■ **What is expected**: Set down, exactly and only, everything from the line containing "Izdaje se moderan" down to the line containing "Vlies Fototapete - Reflexionen" in the data below; the pictures are not part of the copy.

■ **Supplied entries**:
----------------------------------------

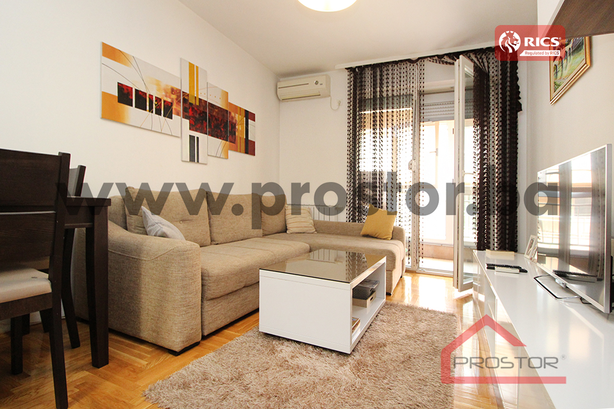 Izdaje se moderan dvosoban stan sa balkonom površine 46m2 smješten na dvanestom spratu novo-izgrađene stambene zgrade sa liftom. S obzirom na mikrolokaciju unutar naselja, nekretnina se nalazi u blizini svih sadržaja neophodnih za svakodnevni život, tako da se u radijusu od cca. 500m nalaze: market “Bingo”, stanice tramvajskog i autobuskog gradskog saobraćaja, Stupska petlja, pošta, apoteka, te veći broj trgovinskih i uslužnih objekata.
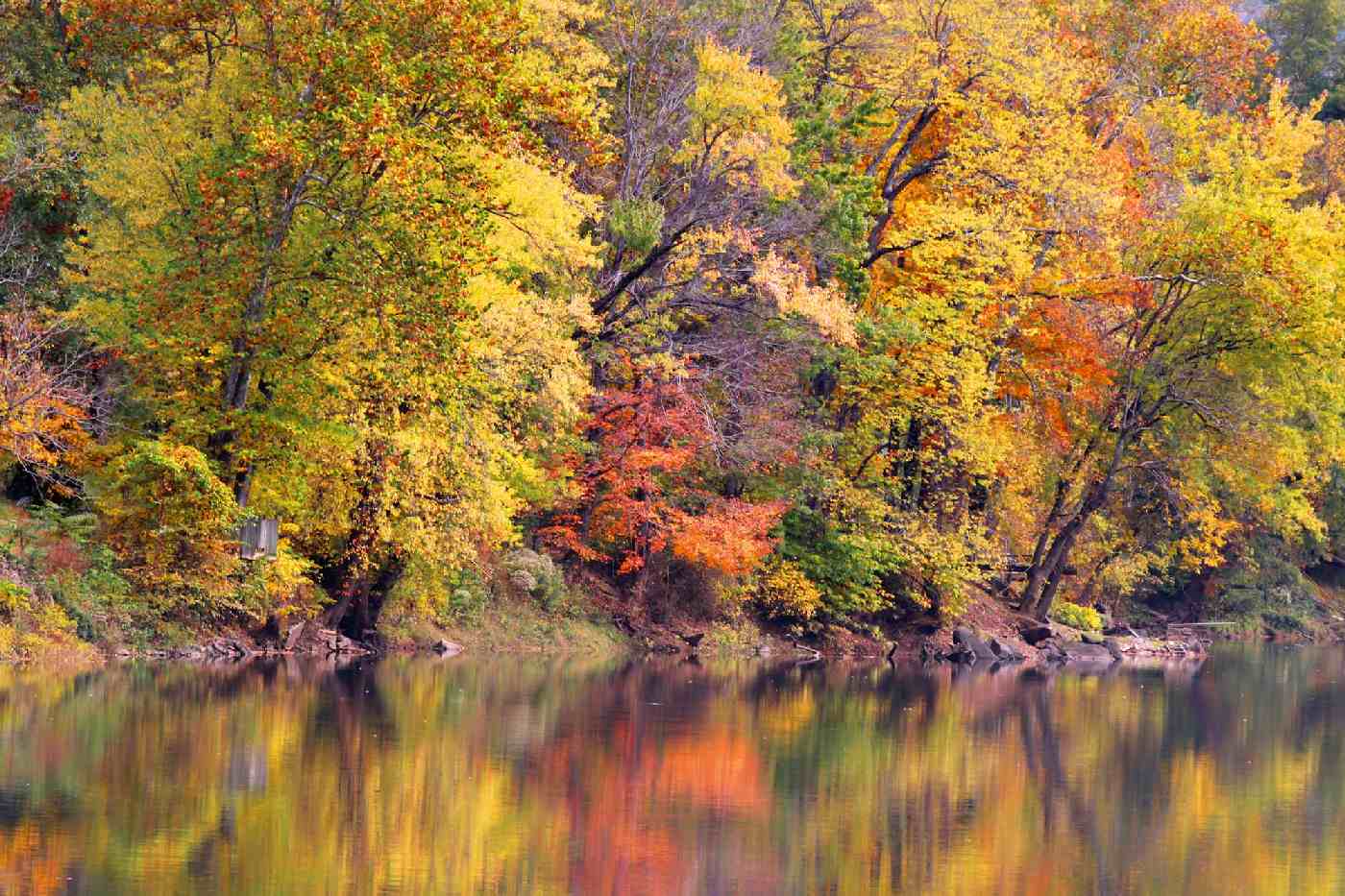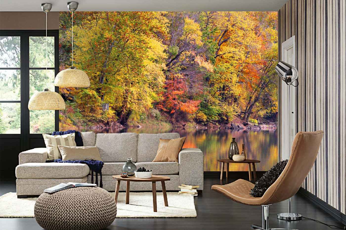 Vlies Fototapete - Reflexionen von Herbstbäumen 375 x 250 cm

----------------------------------------

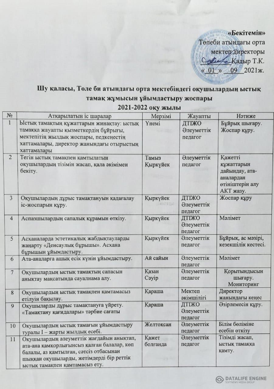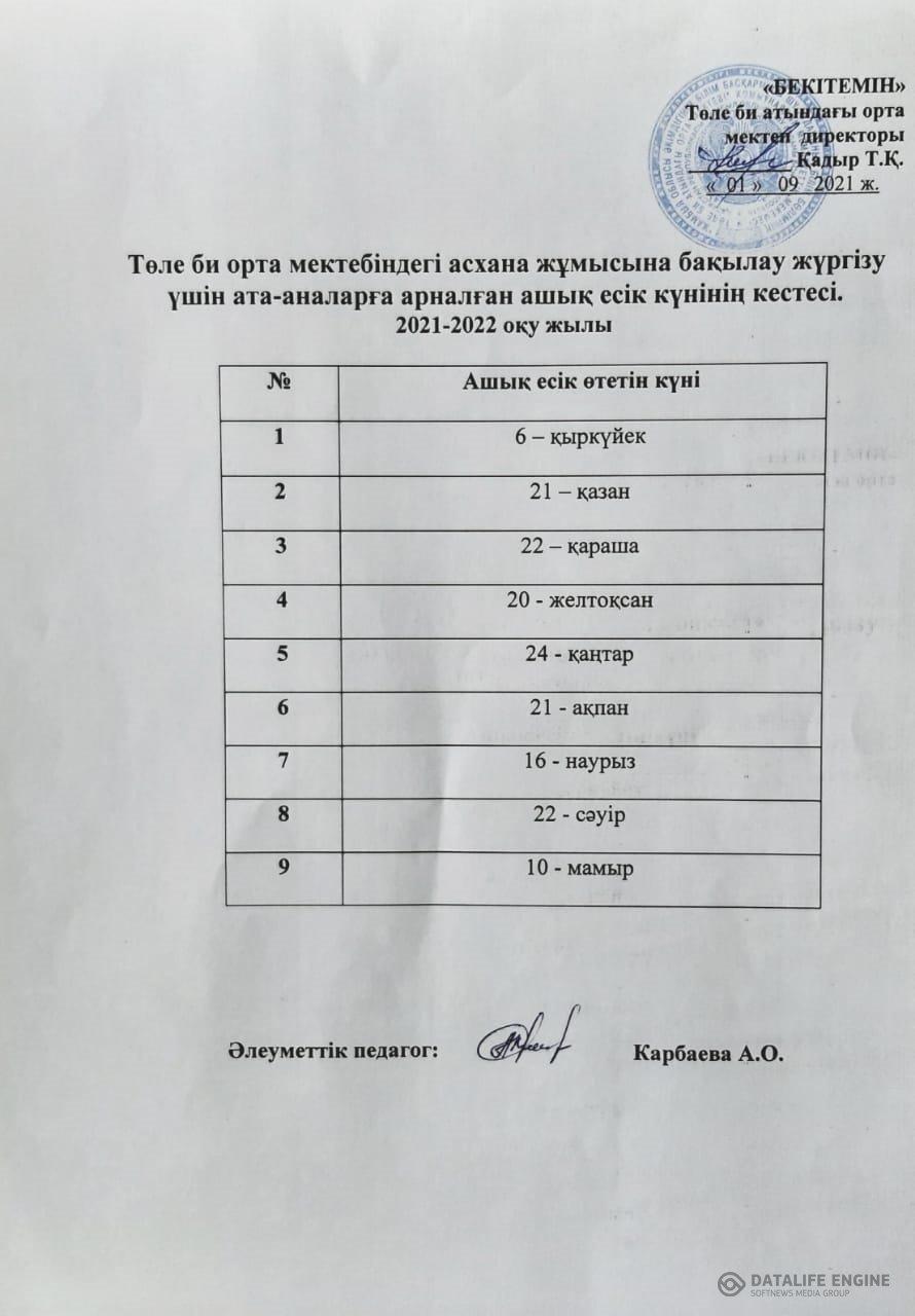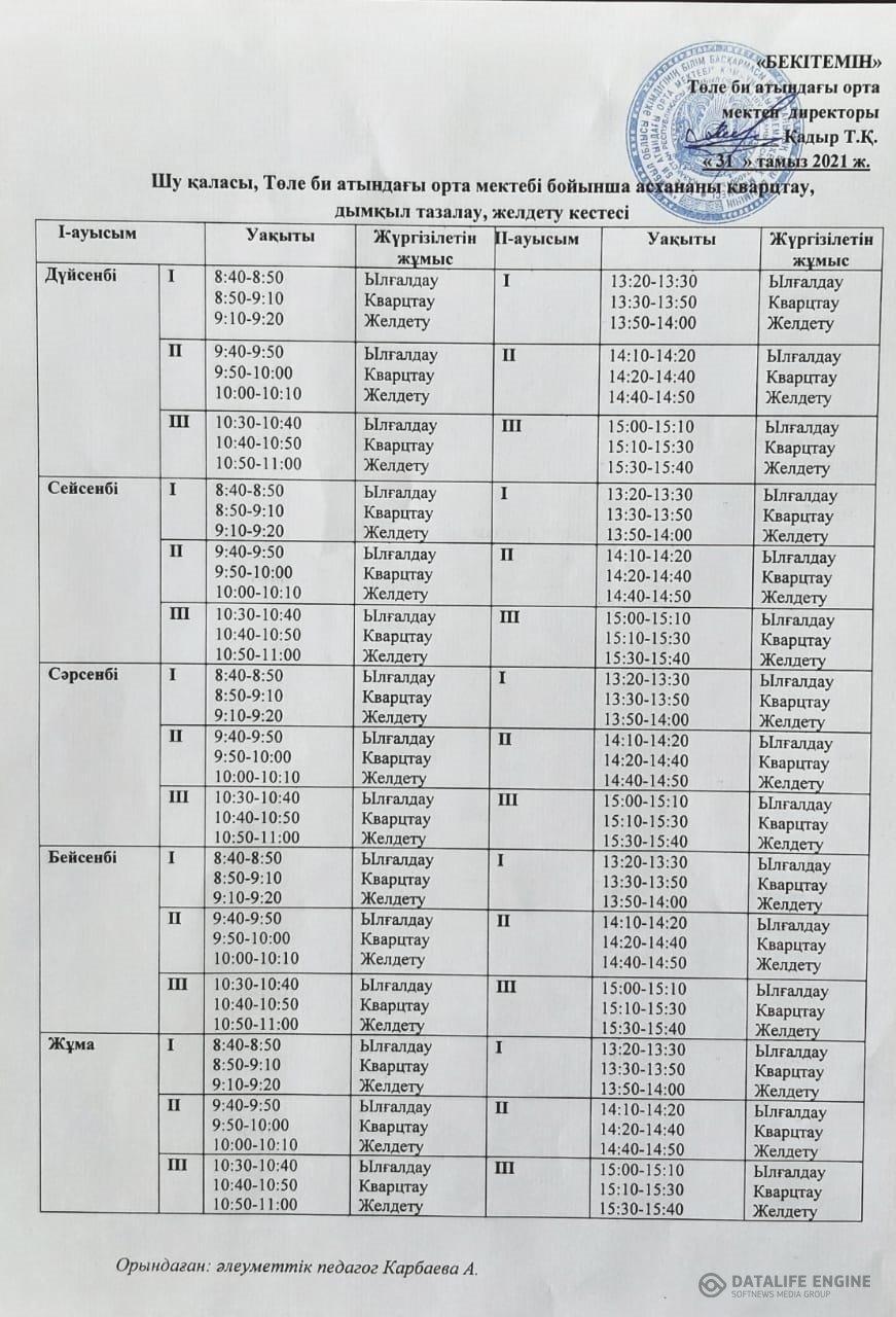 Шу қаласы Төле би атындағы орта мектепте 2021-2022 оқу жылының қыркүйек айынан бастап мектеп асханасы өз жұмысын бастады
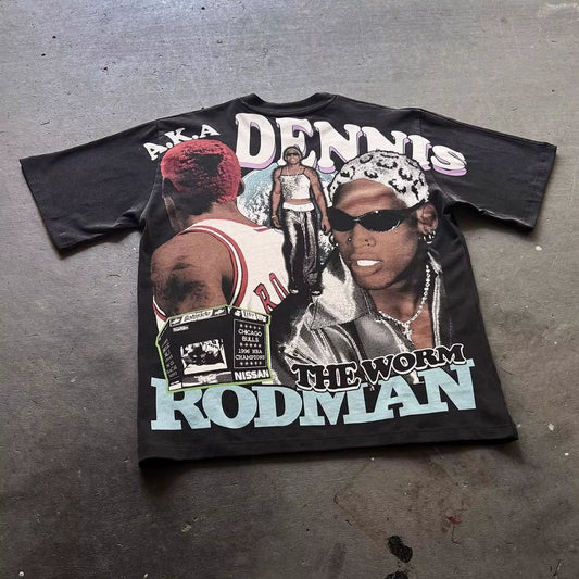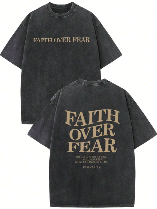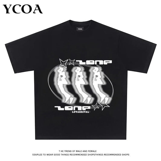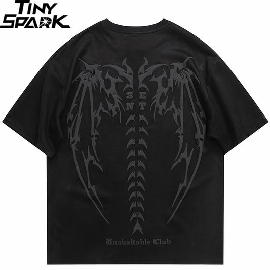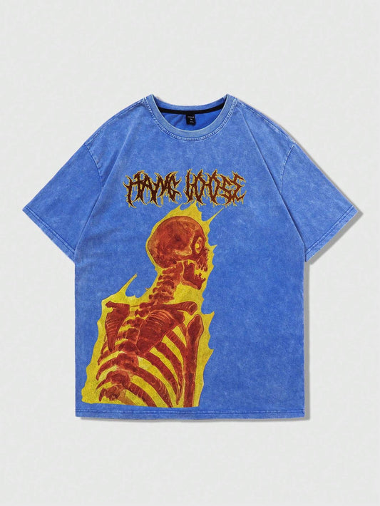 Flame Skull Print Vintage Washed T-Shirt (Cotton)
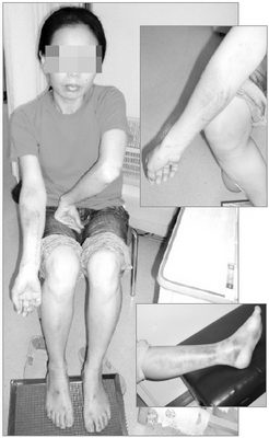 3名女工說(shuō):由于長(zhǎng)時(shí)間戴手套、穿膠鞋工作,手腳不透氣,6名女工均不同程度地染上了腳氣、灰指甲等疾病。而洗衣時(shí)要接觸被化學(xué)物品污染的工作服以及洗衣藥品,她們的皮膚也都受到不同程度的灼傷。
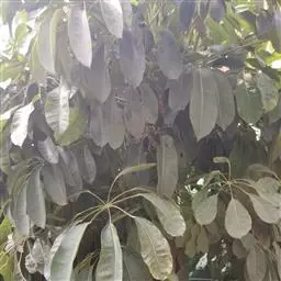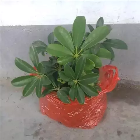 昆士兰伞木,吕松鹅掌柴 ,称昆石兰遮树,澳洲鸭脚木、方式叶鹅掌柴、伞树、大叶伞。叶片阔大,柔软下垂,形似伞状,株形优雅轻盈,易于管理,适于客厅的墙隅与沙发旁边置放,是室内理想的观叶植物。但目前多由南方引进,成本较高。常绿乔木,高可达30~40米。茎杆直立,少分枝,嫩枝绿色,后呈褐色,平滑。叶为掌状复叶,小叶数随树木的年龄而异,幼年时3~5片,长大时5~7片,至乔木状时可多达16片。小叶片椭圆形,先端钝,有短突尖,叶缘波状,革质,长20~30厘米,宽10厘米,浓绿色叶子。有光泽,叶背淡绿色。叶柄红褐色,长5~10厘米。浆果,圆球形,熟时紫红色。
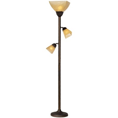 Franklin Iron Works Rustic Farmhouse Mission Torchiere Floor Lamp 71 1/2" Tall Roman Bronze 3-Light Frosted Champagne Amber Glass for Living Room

----------------------------------------

■ **Result of this task**:
 Izdaje se moderan dvosoban stan sa balkonom površine 46m2 smješten na dvanestom spratu novo-izgrađene stambene zgrade sa liftom. S obzirom na mikrolokaciju unutar naselja, nekretnina se nalazi u blizini svih sadržaja neophodnih za svakodnevni život, tako da se u radijusu od cca. 500m nalaze: market “Bingo”, stanice tramvajskog i autobuskog gradskog saobraćaja, Stupska petlja, pošta, apoteka, te veći broj trgovinskih i uslužnih objekata.
 Vlies Fototapete - Reflexionen von Herbstbäumen 375 x 250 cm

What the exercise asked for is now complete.